The main religious premises of the Jain dharma are ahimsa (non-violence), anekāntavāda (many-sidedness), aparigraha (detachment), and asceticism (abstinence from sensual pleasures). Devout Jains take five basic vows: ahimsa (non-violence), Satya (truth), asteya (not stealing), brahmacharya (sexual continence), and aparigraha (non-possessiveness). These principles influenced the culture of the Jains in many ways; for example, they led to a predominantly vegetarian lifestyle. Parasparopagraho Jīvānām (the function of souls is to help each other) is its motto, and the mantra Ṇamōkāra is the most common and basic prayer.


The Jain dharma is one of the oldest religions and has two main ancient sub-traditions, Digambaras, and Śvētāmbaras, with different views on ascetic practices, gender, and texts that can be considered canonical; both have mendicants supported by laypersons (śrāvakas and śrāvikas). This religion has between four and five million followers, mostly in India. Outside India, some of the largest communities are found in Canada, Europe, and the United States. Jain dharma grew up in Japan, where over 5,000 ethnic Japanese families converted to Jainism.
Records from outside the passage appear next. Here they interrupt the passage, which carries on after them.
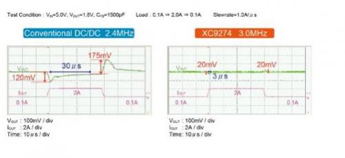 此外,因為FPGA或ASIC的負載電流會瞬間變化,瞬態電壓波動會增大。以前的DC/DC轉換器為了控制瞬態電壓波動,需要大容量輸出電容,因此出現了安裝面積增大的問題。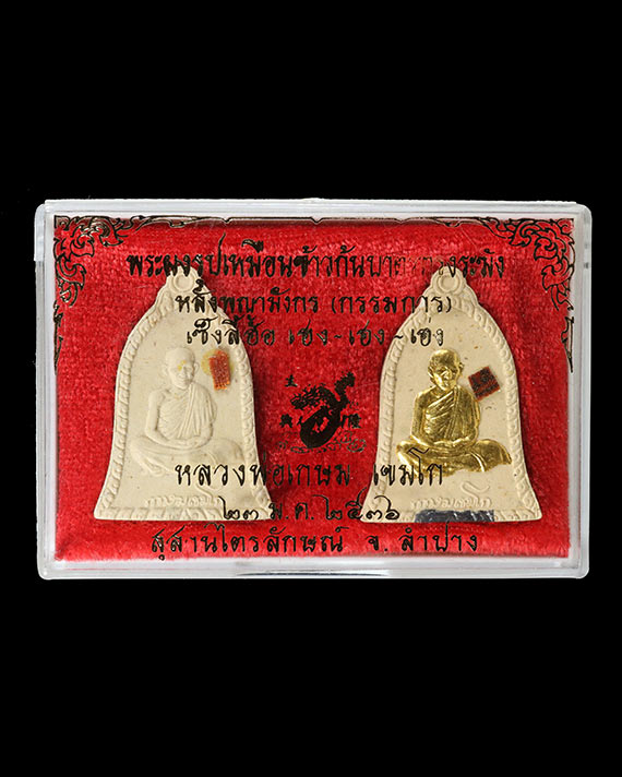 800.00 พระผงรูปเหมือนหลวงพ่อเกษมข้าวก้นบาตรทรงระฆัง หลังพญามังกร(กรรมการ)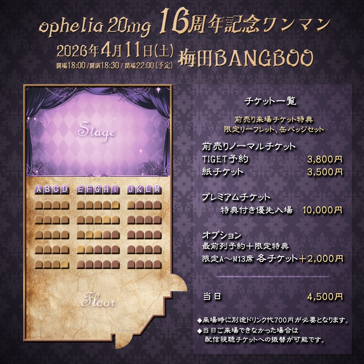 04.11(Sat) ophelia 20mg 16周年記念ワンマン 「魔女の展覧会」【配信あり】 梅田BANGBOO X Facebook LINE コピー 2026.03.03 ACT VOCAL:ophelia 20mg DJ:SLF!! VIOLIN:瞬 月凌 ACT:梶原くみ/ジョン・ムハンマド イベント詳細 梅田 BANGBOOベースオントップグループのライブハウス『梅田 BANGBOO(ウメダバンブー)』大阪梅田にあるライブハウスです。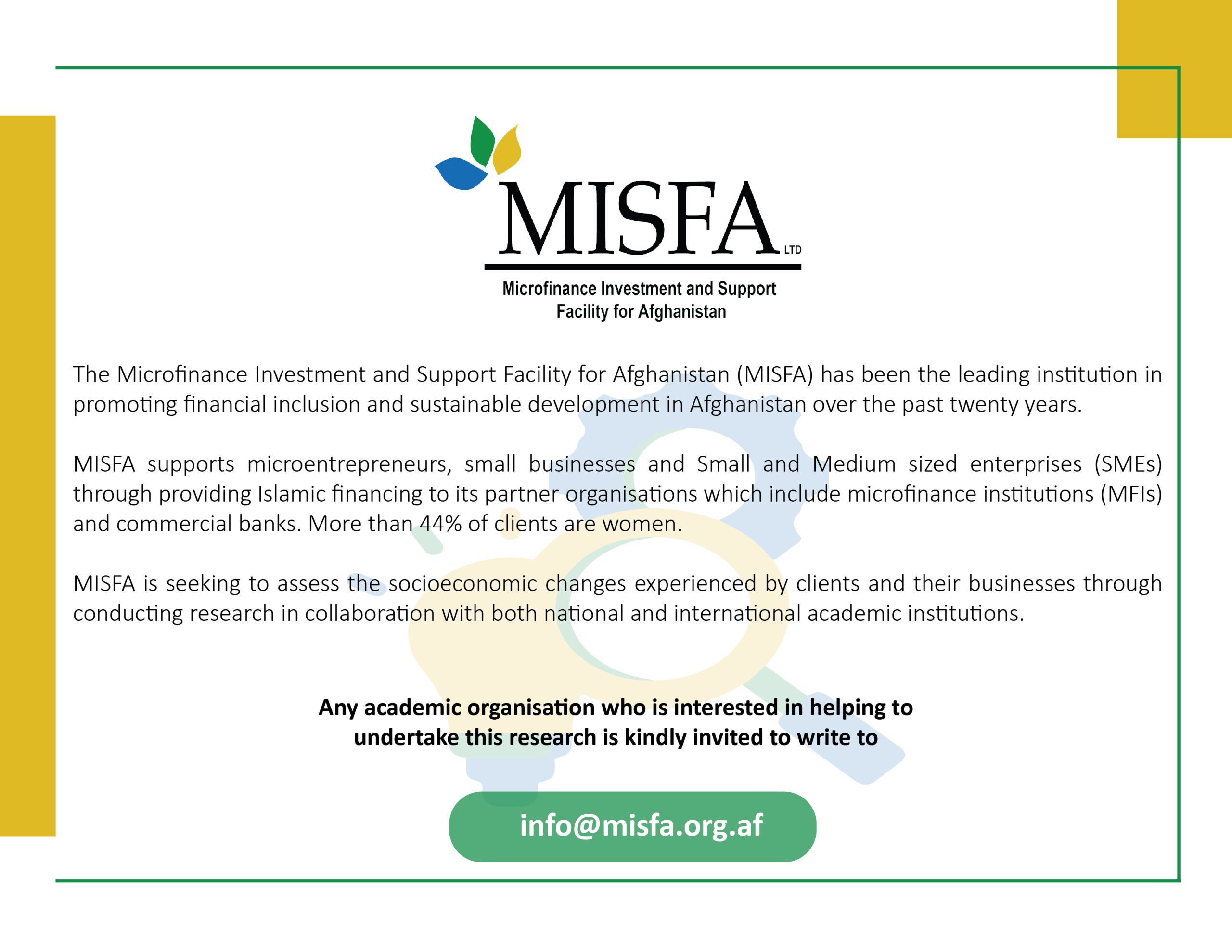 MISFA’s mission is to be a strong and efficient organization contributing to Afghanistan’s economic growth by developing a viable, inclusive financial sector.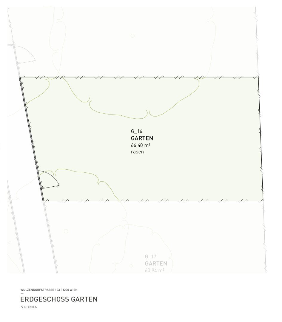 Die Erschließung der Wohnhausanlage erfolgt über ein zentrales Stiegenhaus mit Aufzug, welches alle Geschosse umfasst. In der Tiefgarage mit Zufahrt von der Wulzendorfstraße sind insgesamt 34 PKW-Stellplätze untergebracht. Technik- und Einlagerungsräume sowie der Fahrradabstellraum befinden sich im Kellergeschoss. Kinderwagenabstell- und der Müllraum sind im Erdgeschoss, in unmittelbarer Nähe zum Hauptzugang, situiert. Die Geschäftslokale befinden sich im Erdgeschoss, die Wohnungen befinden sich im Erdgeschoss und 3 Obergeschossen (teilweise mit Eigengarten, Terrasse, Balkon oder Loggia).

Major festivals include Paryushana and Daslakshan, Ashtanika, Mahavir Janma Kalyanak, and Deepavali.

Dravya in Sanskrit means substances or entities. According to Jain’s philosophy, the universe consists of six eternal substances: conscious beings or souls (jiva), non-sentient matter (pudgala), the principle of motion (dharma), the principle of rest (adharma), space (akasha), and time (Kala ). The last five are combined as ajiva (the non-living). Jain philosophers distinguish between substance and body or something else, declaring the former to be a simple indestructible element and the latter as a compound consisting of one or more substances that can be destroyed.

Tattva means reality or truth in Jain’s philosophy and is the basis for salvation. According to the Digambara Jains, there are seven tattvas: the sentient (jiva); the insentient (ajiva); karmic influx to the soul (Āsrava); the bondage of karmic particles to the soul (bandha); stopping karmic particles (Saṃvara); erasure of past karmic particles (Nirjara); and liberation (moksha).